Marketing medicines through randomised controlled trials: the case of interferon

British Medical Journal, Oct 31, 1998 by Toine Pieters

"When it comes to clinical trials, few issues are simple. And many are controversial" wrote the Science correspondent Gary Taubes in 1995.[1] Taubes' dictum seems to be at odds with the public model of the randomised clinical trial as a most helpful tool to relieve medical practice of that most feared element known to scientists and regulators: subjectivity. Are most doctors and regulators who firmly believe in the randomised controlled trial as the key to an "evidence based medicine" mistaken? Given an ideal world without social, professional, and economic interests affecting judgments of the efficacy and risks of medical treatments, one might have answered "no." It is impossible, however, to conceive of such a trial taking place in a human vacuum. Conducting randomised controlled trials involves establishing links and commitments between many different individuals and organisations, including clinicians, laboratory researchers, patients and their families, regulators, and drug companies. In being shaped by the specific context of medical practice, clinical trials--even the most sophisticated randomised controlled trials--are not value-free measuring devices that objectively evaluate the efficacy of new treatments. Like any other medical device associated with our daily lives, randomised controlled trials incorporate the beliefs and ideas of the people who developed them and then are moulded by those implementing the methodology.[2] I use here the story of interferon to illustrate the complexities surrounding the application of this supposedly value-free research methodology. Interviews referred to in the article were between myself and the person cited.

Beyond interferon

In the late 1970s, after scientific claims that interferon had an inhibitory effect on tumours, interferon stirred up a global media hype.[3 4] The euphoria surrounding interferon as a "miracle cure" for cancer was short lived and faded when it seemed that interferon's performance in large scale cancer trials had been disappointing and that it often produced side effects in patients.[5] Given the intense disappointment in the early 1980s in the healing power of what later became dubbed "the miracle drug looking for a disease," how did interferon manage to become legitimised as part of medical practice in the 1990s?

As might, be expected, the people working on interferon tried hard to account for the disappointments to safeguard funding. Interferon researchers conveyed the impression that with more questions than answers they were just beginning to explore the potential of the drug. The diversity of interferons with distinct and complementary activities seemed to grow every day, although clinical testing of the first interferon preparations produced with recombinant DNA had yet to start. The consensus view was that, although interferon as a single agent might turn out to be useful in treating viral infection, it might ultimately prove most valuable as part of the increasingly popular "multitreatment" approach in cancer. Interferons could then be used as biological enhancers--helping to increasing the host's own response against the tumour--in combination with the three main cancer treatments: surgery, chemotherapy, and radiation.[6-9]

By creating an image of interferon as a prototype of a promising, new, but still poorly understood area of cancer treatment known as immunotherapy--one that was going to have an important role in future cancer practices--the promoters of interferon established a more permanent base for support. The overall message was, as a science reporter of the Washington Post aptly expressed it in his headline, "Beyond interferon."[10] Cancer treatment centres that aspired to maintain an image of being at the cutting edge of the field of clinical oncology could not afford not to study an experimental treatment that was closely linked with the latest developments in tumour biology and molecular biology (interview with E Borden, 12 October 1992, Wisconsin).

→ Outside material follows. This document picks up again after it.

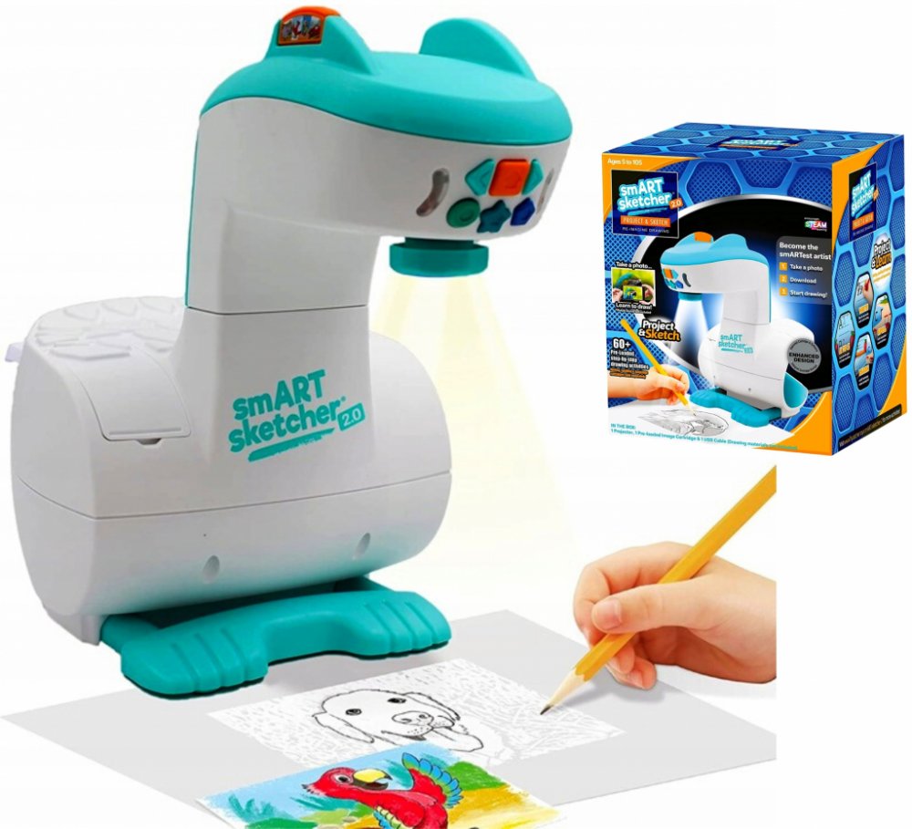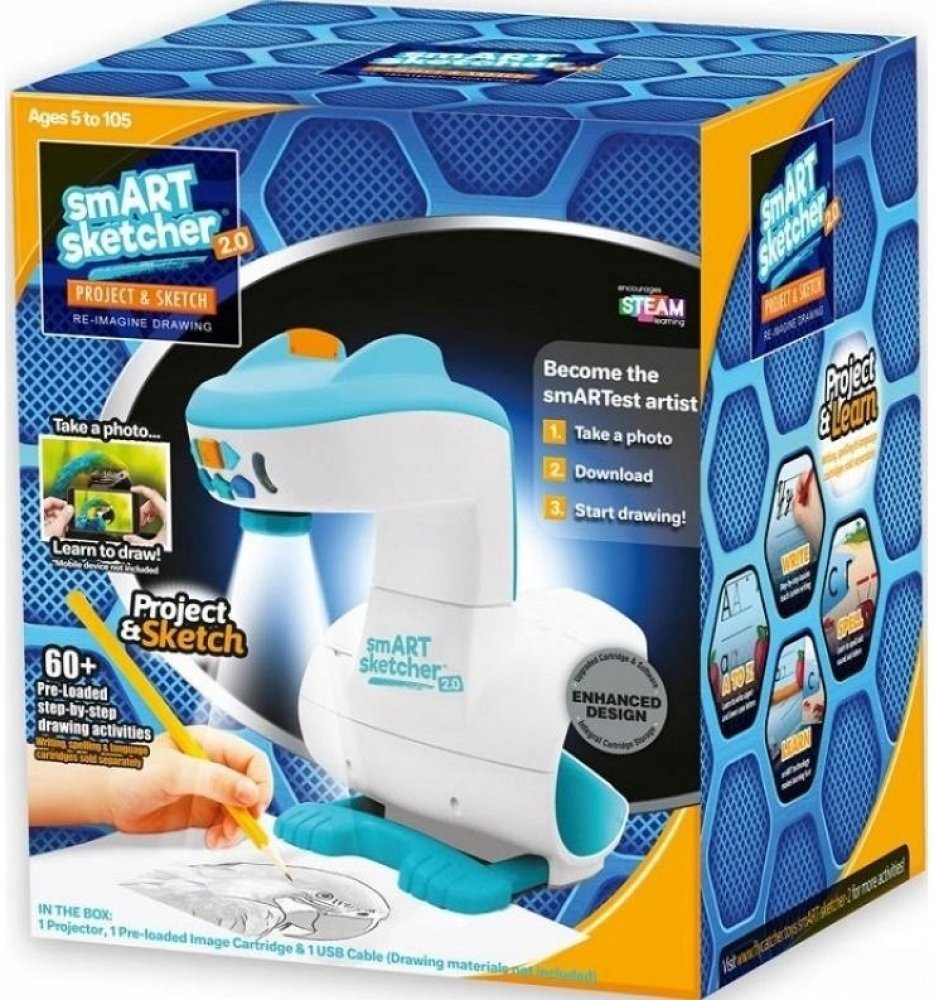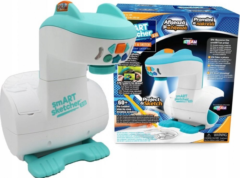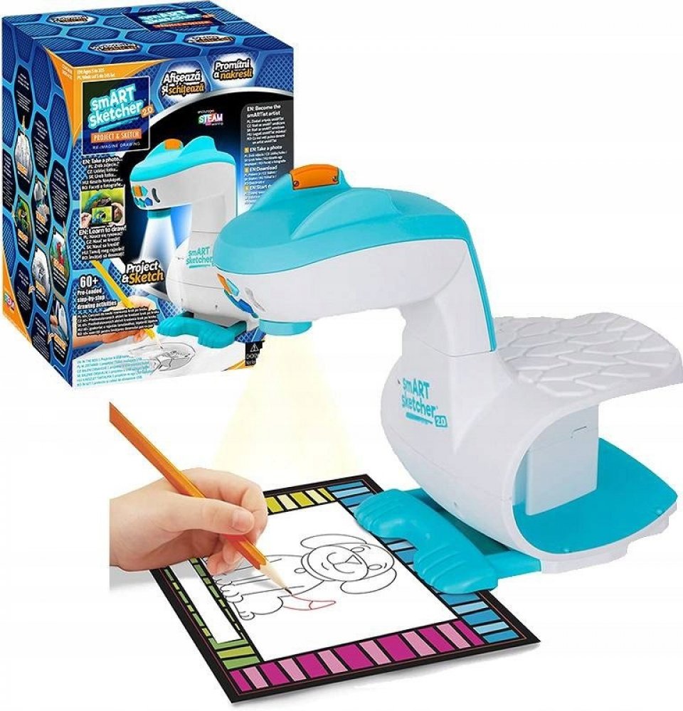 SmART kreslící projektor a proprietární aplikace ukazuje dětem dětem, jak kreslit a psát jako profesionál pomocí oblíbených fotografií, jak se naučit kreslit obrázky a obsah podle osnov. Pokyny krok za krokem vedou malé ruce celým procesem. Děti si mohou stáhnout fotografie z mobilního zařízení nebo použít předinstalované balíčky aktivit. STEAM učení je vzdělávací přístup k učení, který využívá vědu, technologie strojírenství, umění a matematiku jako přístupové body k vedení dětského bádání, dialogu a kritického myšlení. Kreslí si vaše dítě rádo? Inovativní projektor vytvořen, aby pomohl dítěti objevit své výtvarné nadání. Spolehlivé zařízení v úplně nové verzi obsahuje 1 kartu-60 obrázků, které poslouží jako inspirace k tvoření neobvyklých výtvorů. To není vše. Projektor vydává zvuky imitující kreslené postavičky/zvířete/předmětu a také napomáhá výuce angličtiny. Stačí vyhláskovat slovo a začít tvořit. Začal na papíru vznikající pejsek štěkat? Vyvolej v dítěti touhu tvořit s novým Smart Sketcher.Objevuj své možnosti díky pokročilé hračce, která napomáhá cvičit skicování na papíru, soustředění a představivost – a to není vše! Smart Sketcher formou asociace a zábavy učí dítě angličtinu milým a bezprostředním způsobem. Díky cvičením psaní v angličtině, proměňuje slovo na obrázek, který si vaše dítě snadno zapamatuje.Výrobce projektoru Smart Sketcher zaručuje bezpečnost používání nejmladším. Nabíjí pomocí USB kabelu.

In line with government supported research programmes, the pharmaceutical industry focused on interferon as part of a new kind of disease management: immunotherapy within a multitreatment framework. The three "interferon champions" that had most heavily invested in the drug--Burroughs Wellcome and, most notably, Hoffmann-La Roche and Schering-Plough--apparently recognised the strategic and commercial importance of taking advantage of the more general move across medicine towards combination treatment. In 1983 Hoffmann-La Roche and Schering-Plough allocated 15% of their research budgets--more than $40m each--to interferon (interviews with L Gauci (Hoffmann-La Roche), 18 June 1990 in Basle, and with N Finter, 25 May 1990 in Beckenham, Kent; Powledge[5]).

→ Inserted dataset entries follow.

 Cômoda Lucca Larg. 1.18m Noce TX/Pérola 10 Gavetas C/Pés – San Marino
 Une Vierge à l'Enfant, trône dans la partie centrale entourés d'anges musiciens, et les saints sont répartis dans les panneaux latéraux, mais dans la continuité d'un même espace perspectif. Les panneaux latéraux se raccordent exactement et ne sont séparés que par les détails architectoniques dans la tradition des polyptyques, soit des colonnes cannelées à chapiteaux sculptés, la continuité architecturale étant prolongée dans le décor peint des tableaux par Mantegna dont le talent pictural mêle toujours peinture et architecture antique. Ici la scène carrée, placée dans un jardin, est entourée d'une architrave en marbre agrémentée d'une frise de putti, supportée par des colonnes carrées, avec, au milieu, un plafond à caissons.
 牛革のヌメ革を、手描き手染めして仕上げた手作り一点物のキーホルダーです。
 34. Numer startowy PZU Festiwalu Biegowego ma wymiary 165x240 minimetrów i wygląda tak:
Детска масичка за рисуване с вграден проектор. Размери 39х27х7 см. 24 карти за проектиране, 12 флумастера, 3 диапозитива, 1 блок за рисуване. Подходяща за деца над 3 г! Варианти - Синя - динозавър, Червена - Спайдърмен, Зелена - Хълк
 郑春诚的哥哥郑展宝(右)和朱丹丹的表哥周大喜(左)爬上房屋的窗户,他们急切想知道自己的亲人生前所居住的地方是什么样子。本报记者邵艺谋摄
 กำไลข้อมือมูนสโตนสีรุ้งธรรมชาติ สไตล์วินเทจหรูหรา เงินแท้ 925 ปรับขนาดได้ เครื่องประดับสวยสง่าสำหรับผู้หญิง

However, the regulators found the multitreatment approach difficult to assess as their evaluative practice and standards were still governed by a single agent, therapeutic philosophy. For interferon--a pharmacologically active compound--to be considered legally as a new therapeutic drug, it had to be officially evaluated as a single agent. This implied that before licensing procedures could be taken into consideration, the companies had to look for a disease, rare though it might be, that justified a need for interferon (interviews with J Petriccianni, 6 November 1992, Cambridge, MA and with L Gauci, 18 June 1990). As most trials shovel that interferon alone compared unfavourably with drugs already available, the interferon industry faced the seemingly Herculean task of establishing an unambiguous justification for clinical use.